You can use a 12V pump on your 24V system. However, the pump will run faster on 24 V than on 12 V. In addition, the overall energy spent to pump the same amount of water will still be higher at 24 V than at 12 V.
Can I use a 24V pump on a 12V battery?
This might work on a 24VDC fan but will run slower than at 24 VDC. Also, some fans can run at 50% of the proper voltage.
Can you run a 12V pump on 5v?
Yes, 5V might work but will stall if running too slow too.
How do you power a 12v water pump?
Understanding their similarities is just as important as knowing about the differences between 12v DC motors and 24 volt motors.
However, for the sake of example, some of the key comparisons between a 12v DC motor and a 24 Volt Motor are provided below.
- If 20 amps are required for a 12v DC motor to supply a particular mechanical power output, then only 10 amps would be needed by a 24 volt motor to achieve the same level of performance.
- For a simple type of DC motor, the rotation is at full speed on no-load, with speed determined primarily by applied voltage. Therefore, if 24 volts were applied to a 12v DC motor, it could cause some damage by running at twice the speed.
- In most cases, a 12v DC motor will be similar in price when compared to a 24 volt motor for the same application. The main reason is that the physical size of the motor can usually determine its power output.
- There is also a difference between wiring for a 12-volt motor versus a 24 volt motor. For example, at 24 volts, smaller wire can be used for delivering power efficiently, whereas for 12 volts, twice the size of wire is needed to provide the same amount of power.
12v Motors on 24v
Motor current rating
Motors are specified to run at a stated rpm at a particular applied voltage with a specified loading – that at which the motor takes its maximum continuous current.
If you run the motor under a lighter load than this ‘name plate rating’ its current consumption will reduce and its speed will increase slightly.

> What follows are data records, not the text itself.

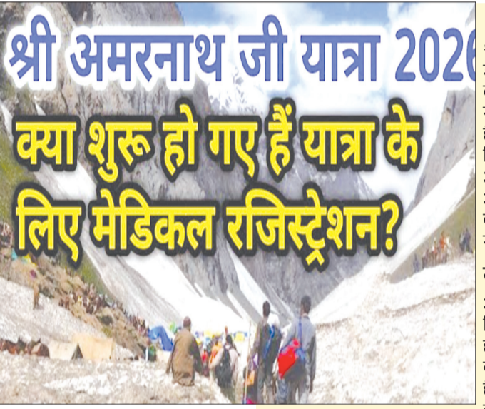
कैनविज टाइम्स संवाददाता

गोंडा । बाबा बर्फानी के दर्शन की चाह पूरी करने के लिए हेल्थ सर्टिफिकेट का होना अनिवार्य है। मगर श्रद्धालुओं के लिए यह सर्टिफिकेट बनवाना किसी अग्निपरीक्षा से कम नहीं है। कारण बाबू ईश्वर शर ण जिला चिकित्सालय में किसी भी डॉक्टर की ड्यूटी नहीं लगाई गई है। इसलिए सभी डॉक्टरों को अपने नियमित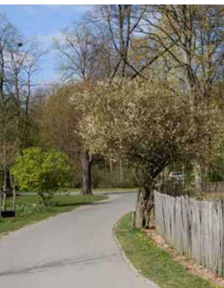
De Bomen uit Verre Streken-wandeling loopt langs dit citroenboompje

Wil je met een groep van maximum 24 deelnemers komen wandelen onder begeleiding van een gids? Dat kan, na het maken van een reservering. Meer info: https://www.provincieantwerpen.be/aanbod/dvt/rivierenhof/aanbod-voor-groepen/wandelingen-op-aanvraag.html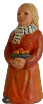
Femme à la corbeille 16 cm réf. : crA COR. 44 € TTC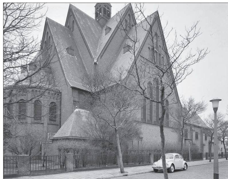
■ De Clemenskerk aan de Bosdrift in Hilversum.

Daarna braken rustiger tijden aan, want het orgel werd uitsluitend voor kerkelijke doeleinden gebruikt – er mochten in katho-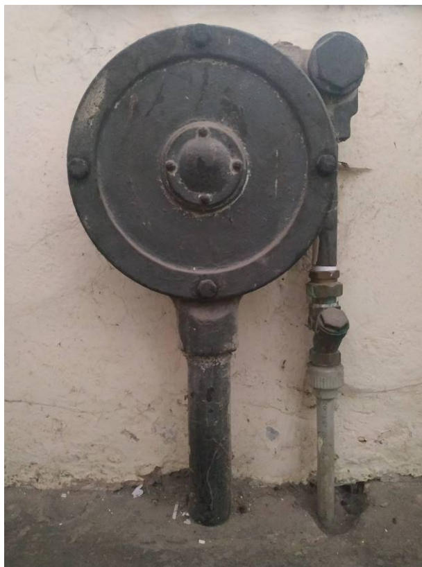
SPR01.04.02 Zvon – vnitřní část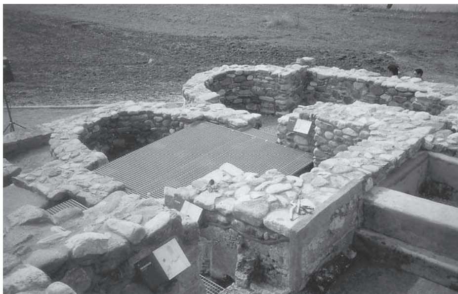
Figura 2. Detall de la vil·la de Can Terrés (la Garriga, Vallès Oriental).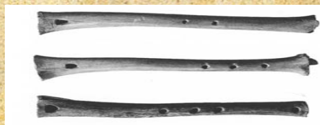
Fluiten werden in deze tijd nog vaak van botten gemaakt.

Je hebt nodig: een computer en koptelefoon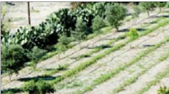
Оросительные системы в Пафосе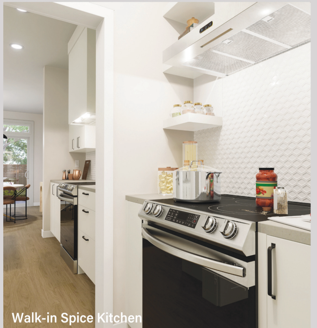
Walk-in Spice Kitchen

SHOWHOMES NOW OPEN 1233 Copperfield Blvd SE, Calgary, AB T2Z 5G1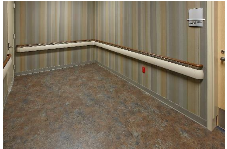
Mains courantes 3500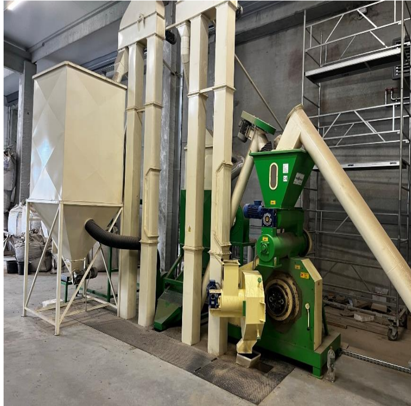
Slika 8. Preša i spremnik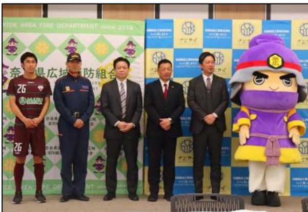
【ディスカッション後の記念撮影】

今後も、共同開発したサプリメントを活用し、住民の皆さまの安心を守る隊員の体調管理と安全確保に努めてまいります。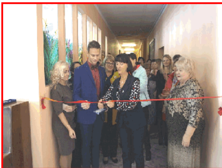
Самый торжественный момент!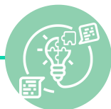
ETAPA 4: AÇÕES EXPERIMENTAIS ESTAMOS AQUI!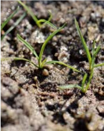
Zwei- bis Dreiblattstadium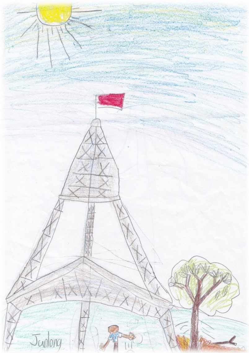
(Junlong Sun, 6 岁；指导老师：Alice Zhao)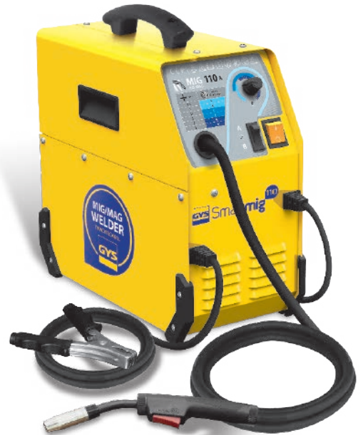
Lieferumfang: Massekabel und festmontierter Brenner 2,2 m.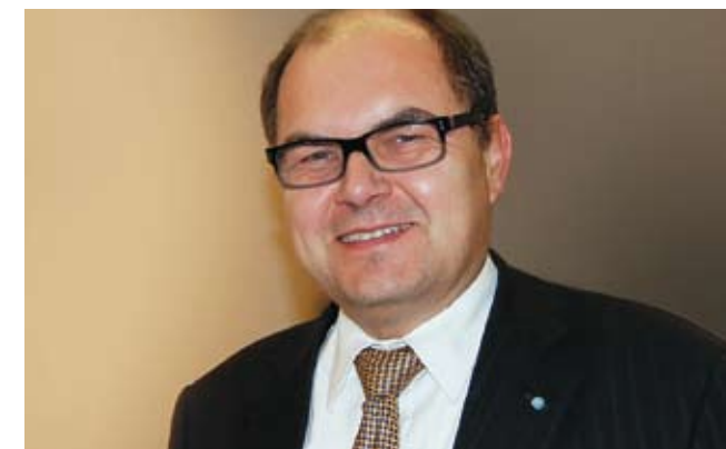
Christian Schmidt (CSU), Parlamentarischer Staatssekretär beim Bundesminister der Verteidigung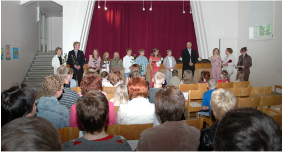
Suvivirttä laulettiin 3.6.06. Vanhempainyhdistys jakoi perinteiset hymypatsaat sekä ruusut koulun jättäville kuudesluokkalaisille.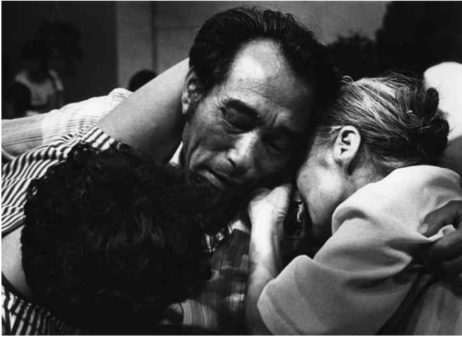
KBS 특별생방송 '이산가족을 찾습니다' 이산가족 상봉 장면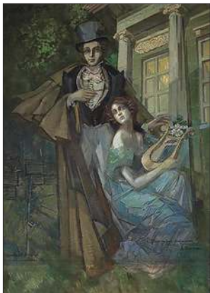
Пушкин и муза. 1930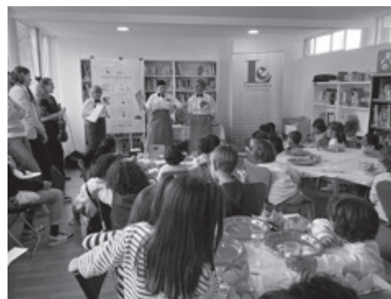
Menú de Contos na Casa da Lectura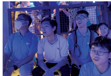
▲港生在天津國家海洋博物館觀看4D影片，學習深海知識。

多位港生在參觀結束後紛紛稱，此次參觀如同打開了一個嶄新的窗口，讓他們對海洋有了更加深入、立體的認識。通過如VR、AR等現代科技手段展現的展品深受喜愛，使得學習之旅既有趣又有實感。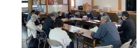
教会学校 成人科クラス

If you increase the load, then the motor’s current consumption will increase and its speed will reduce.
Obviously, you are now exceeding the motor’s continuous rating so it will start to get hotter than it should.
The greater the overload, the quicker the motor will heat so there is a time limit on such an overload.
However, it is usually safe to run a motor at a 300%-400% over current for, perhaps, a minute – although this will vary from motor to motor.
If you run a 12v motor from 24v its current drain and speed will still depend on the mechanical loading.
However, under no load, it will now run at twice the speed at which it originally ran with 12v.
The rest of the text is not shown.